I felt a deep commitment to providing a real experience of my best erotic touch skills, and educating those watching through modeling attention, concentration and connection.  In ejaculation porn, the female often squirts excessively and repeatedly, usually after hard fucking with no foreplay.  This is not a typical squirting experience.

In our class, my highly hydrated model disrobed, and I began by asking her permission to lay my hands on her body. This is how I always begin a session, and feel it is critical for bodyworkers to gain verbal permission, every single time.  I laid my hands on her mons pubis, and her heart, and we breathed together until I felt the connection firmly established between us.  I had met her only once before, last week, when we got together to practice for the class.  We had established a good rapport then, and my goal was to make her very comfortable now, to feel safe and well cared for.  Throughout our session, I returned to eye contact with her again and again, and matched my breath to hers.

Slowly, I allowed my hands to explore her body, and started to tease pleasure to the surface of her skin.  The nerve endings in my finger tips danced with the nerve endings all over her body as we began to build erotic energy together.  We spoke quietly, as I checked in with her or as she made requests of me, staying connected and present to each other.  The rest of the room mostly faded away as we created the erotic container. From time to time I would speak to the audience (when I remembered them,) encouraging them to spend time opening the body so that the body will open.

Eventually, legs in the air and wrapped around my shoulder, she ejaculated into my gloved hand.  And then did it again.  I allowed her sacred waters to pour from my hand from above the table, allowing the audience to view the nectar of the process.  She then asked for and had a clitoral orgasm.  Afterwards, I held her, hugged her, and felt protective of her space.  Our connection was my focus.

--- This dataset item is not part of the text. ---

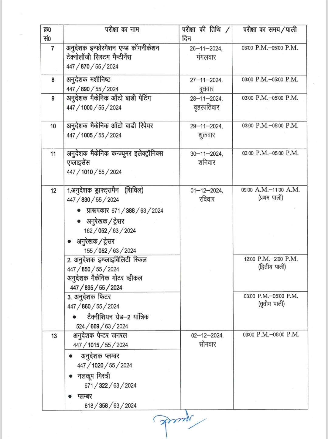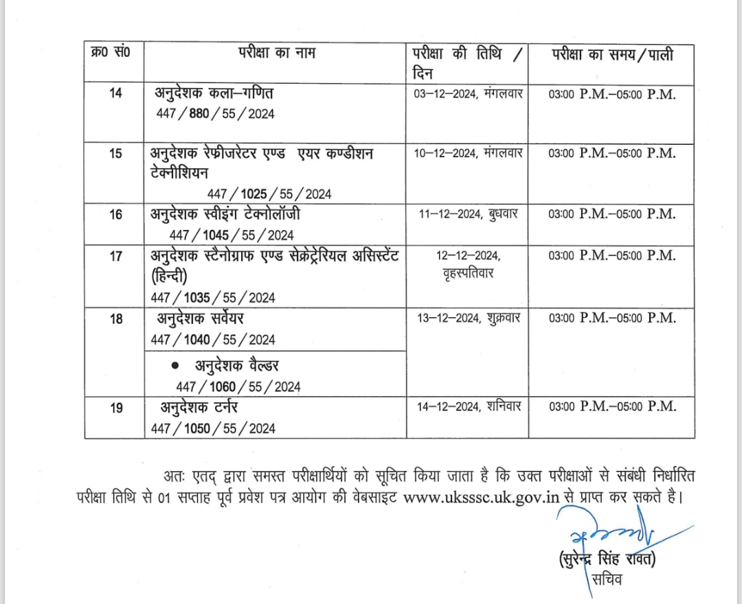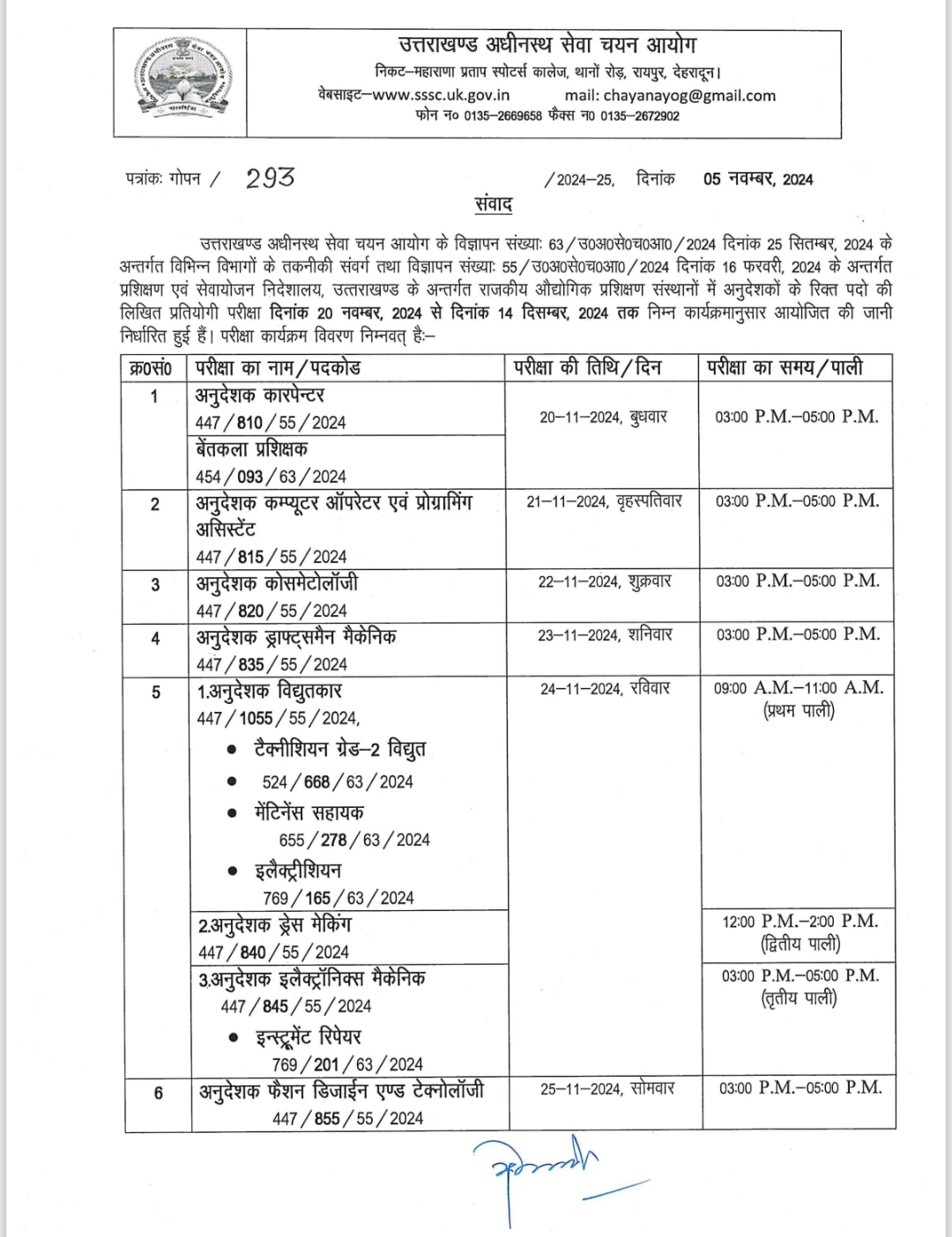 देहरादून। उत्तराखण्ड अधीनस्थ सेवा चयन आयोग के विज्ञापन संख्याः 63/उ०अ० से०च०आ०/2024 दिनांक 25 सितम्बर, 2024 के अन्तर्गत विभिन्न विभागों के तकनीकी संवर्ग तथा विज्ञापन संख्याः 55/उ०अ०से०च०आ०/2024 दिनांक 16 फरवरी, 2024 के अन्तर्गत प्रशिक्षण एवं सेवायोजन निदेशालय, उत्तराखण्ड के अन्तर्गत राजकीय औद्योगिक प्रशिक्षण संस्थानों में अनुदेशकों के रिक्त पदो की लिखित प्रतियोगी परीक्षा दिनांक 20 नवम्बर, 2024 से दिनांक 14 दिसम्बर, 2024 तक निम्न कार्यक्रमानुसार आयोजित की जानी निर्धारित हुई है। परीक्षा कार्यक्रम विवरण निम्नवत् है:-

As she recovered, we began to take questions.  The room had been pin-drop silent during the demo except for a few comments from me, her or the facilitator.  Now, people excitedly peppered us with queries.  The room was alive with possibility, and those gathered were eager to practice in the lab part of the class.  At that point, after speaking privately with a number of people about their individual struggles (including one very sweet pre-orgasmic woman and her partner) I left them to the erotic practice component.

I believe that the places we focus our attention come alive.  Over time, we learn new pathways into our deepest pleasure.  With practice, we get good at knowing our own bodies and responses.  With connection, we feel deeply held as we courageously explore that which we don’t know.

So is it pee?  I don’t think so, but I don’t really know.  And I don’t really care.  My own erotic practice of learning ejaculation has awakened tissues and nerves that I feel deep gratitude for knowing.  The permission to evolve as a sexual being that I have given and continue to give myself is profoundly satisfying.  And my erotic explorations have helped me know truths that I couldn’t have accessed otherwise.  And if that means I leave pee spots on my sheets sometimes, so be it.  It’s worth it.